Minister of Public Enterprises
- In office 21 March 2015 – 31 March 2022
- President: Hage Geingob
- Preceded by: position established
- Succeeded by: position abolished

Deputy Minister for Environment and Tourism
- In office 2005 – 19 January 2009
- President: Hifikepunye Pohamba

Deputy Minister for Local and Regional Government
- In office 2004–2005
- President: Sam Nujoma

Personal details
- Born: 18 February 1969 (age 57) Grootfontein, South West Africa (now Namibia)
- Party: SWAPO
- Alma mater: University of Stellenbosch
- Occupation: Archaeologist

= Leon Jooste =

Namibian politician and businessperson

Leon Jooste (born 18 February 1969 in Grootfontein, Otjozondjupa Region) is a Namibian politician and businessperson who served as Minister of Public Enterprises until 1 December 2022.

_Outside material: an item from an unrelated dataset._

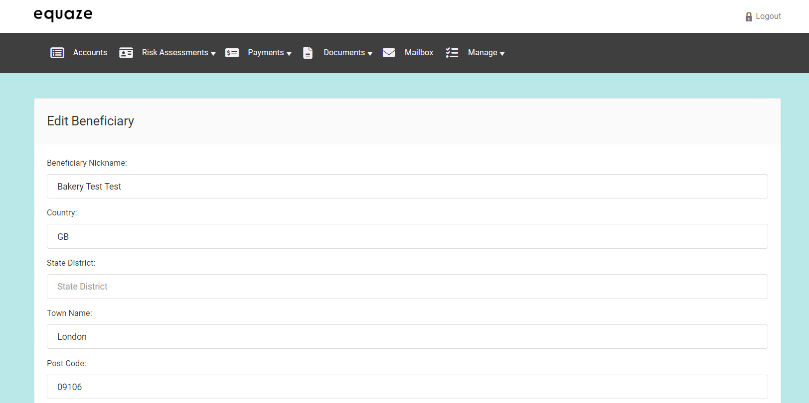 Editing Beneficiary Post Code:
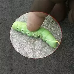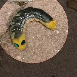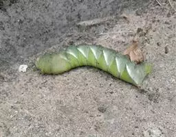 幼虫体长约 9 至 12 厘米。体型肥大,体色有黄、绿、褐、灰等多种,体侧有斜向的斑纹(但会因个体差异而有所不同)。

==Education and early life==
Jooste attended school at Paul Roos Gymnasium in Stellenbosch and at Abbott's College in Cape Town, both South Africa. In 1991 he graduated from Stellenbosch University with a BA in archaeology and anthropology. He is a professional helicopter pilot since 1993, and upon his return to Namibia became managing director of Eden Wildlife Trust, a tourism enterprise near Grootfontein.

==Political career==
A member of SWAPO, Jooste was appointed to replace Gerhard Tötemeyer in the National Assembly of Namibia in 2004. He had not been placed high enough on the SWAPO Party list in the 2004 general election to directly enter Parliament after the election. Jooste was appointed Deputy Minister for Local and Regional Government the same year. In 2005, he was shifted to the Environment and Tourism portfolio in Hifikepunye Pohamba's first cabinet, again as deputy minister.

Jooste resigned in late 2009 in order to take over the family business in Cape Town after the death of his father.

Under president Hage Geingob, Jooste was appointed as Minister of Public Enterprises in March 2015. Decisions under his reign were often controversial and unpopular and included the closures of state-owned Air Namibia and the Road Contractor's Company. In 2021 he suggested that the ministry he heads should be downgraded to a department within the Ministry of Finance, effectively abolishing his own ministerial position.

Jooste resigned as member of Parliament and cabinet minister on 31 March 2022. He had served in Parliament from 2004 to 2006, from 2015 till 2020, and from 2020 till 2022. He was replaced by Ephraim Nekongo (SWAPO), effectively on 9 May 2022.